→ PROVIDED MATERIAL
——
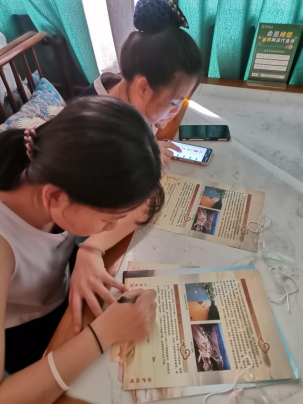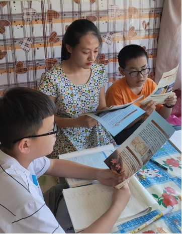 (武静在山西朔州怀仁市海北头乡下海子村为当地孩子讲解宣传册上有关黄河的知识)
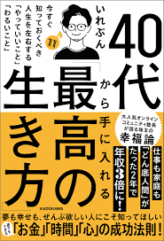 イレブン先生の40代から手に入れる「最高の生き方」を紹介します。この本を読んだきっかけは、YouTubeの本要約チャンネルで紹介していたからです。また、私自身も40代後半であり肉体的にも精神的にも衰えを感じているところでした。読書をきっかけに前向きになれればと思いました。感銘を受けたところを紹介します。①3つの余裕を手に入れることが重要である(1 時間 2 お金 3 心)②体調を自分で上手に整える(運動・栄養・休養)③一流に触れることで視野は広がり、視座が高まるのでどんどん自己投資すべきである④人は属するコミュニティによってどんどん変化していく。優秀な人がいるコミュニティを選ぶべき⑤「休みに仕事をすれば良い」は自分に対する逃げの思考である。以上の他にも共感するべき部分が多くありました。期待通りに、読後に前向きな気持ちになれました。40代だけでなく、年代に関係なく通じると思います。
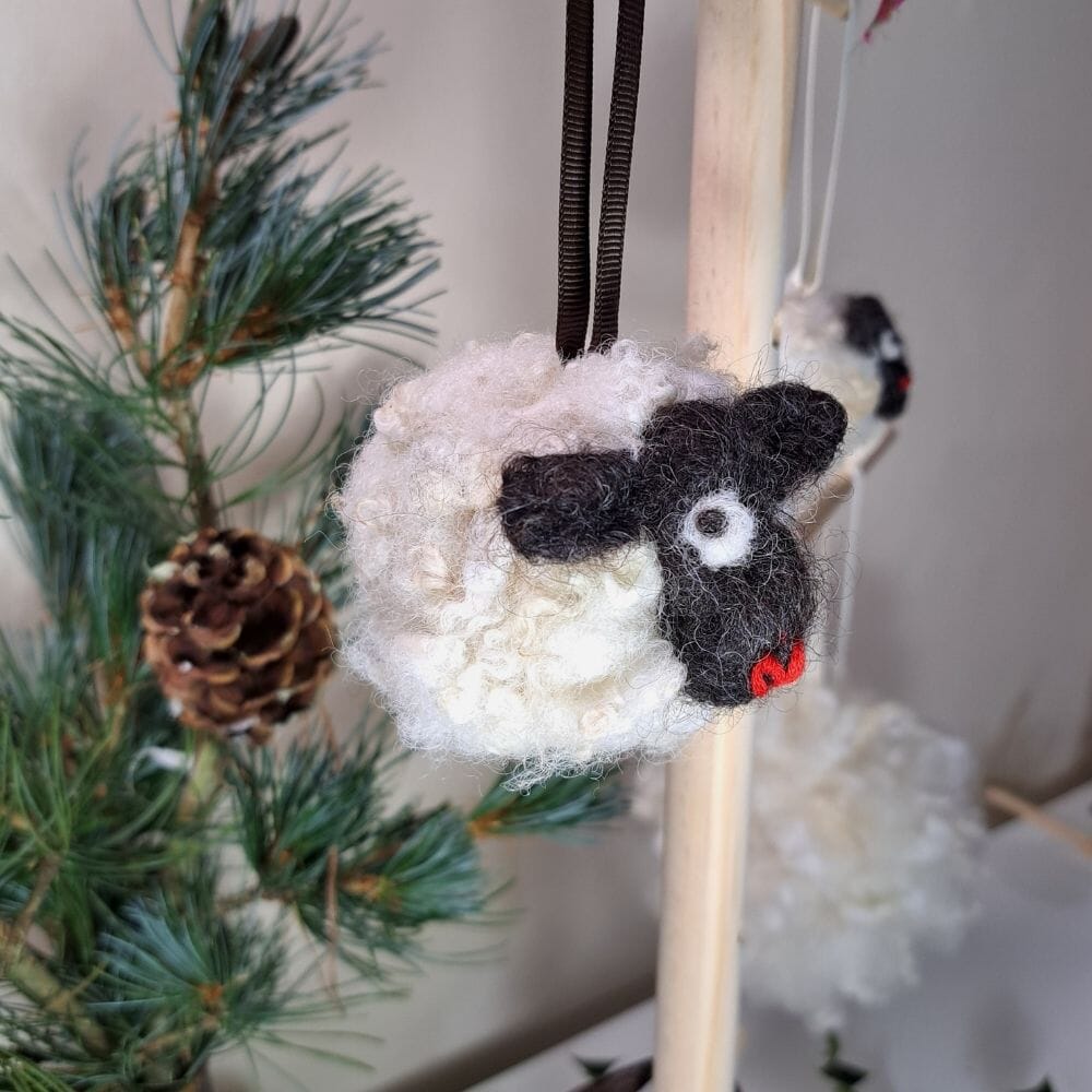 Natural Handmade sheep bauble made with pure British Wool bought directly from local farmers in Staffordshire. No two are alike. Wet felted with needle felted finishing touches.
——
Where a picture appears in the material above, skip it, and print the rest exactly.

 (武静在山西朔州怀仁市海北头乡下海子村为当地孩子讲解宣传册上有关黄河的知识)
 イレブン先生の40代から手に入れる「最高の生き方」を紹介します。この本を読んだきっかけは、YouTubeの本要約チャンネルで紹介していたからです。また、私自身も40代後半であり肉体的にも精神的にも衰えを感じているところでした。読書をきっかけに前向きになれればと思いました。感銘を受けたところを紹介します。①3つの余裕を手に入れることが重要である(1 時間 2 お金 3 心)②体調を自分で上手に整える(運動・栄養・休養)③一流に触れることで視野は広がり、視座が高まるのでどんどん自己投資すべきである④人は属するコミュニティによってどんどん変化していく。優秀な人がいるコミュニティを選ぶべき⑤「休みに仕事をすれば良い」は自分に対する逃げの思考である。以上の他にも共感するべき部分が多くありました。期待通りに、読後に前向きな気持ちになれました。40代だけでなく、年代に関係なく通じると思います。
 Natural Handmade sheep bauble made with pure British Wool bought directly from local farmers in Staffordshire. No two are alike. Wet felted with needle felted finishing touches.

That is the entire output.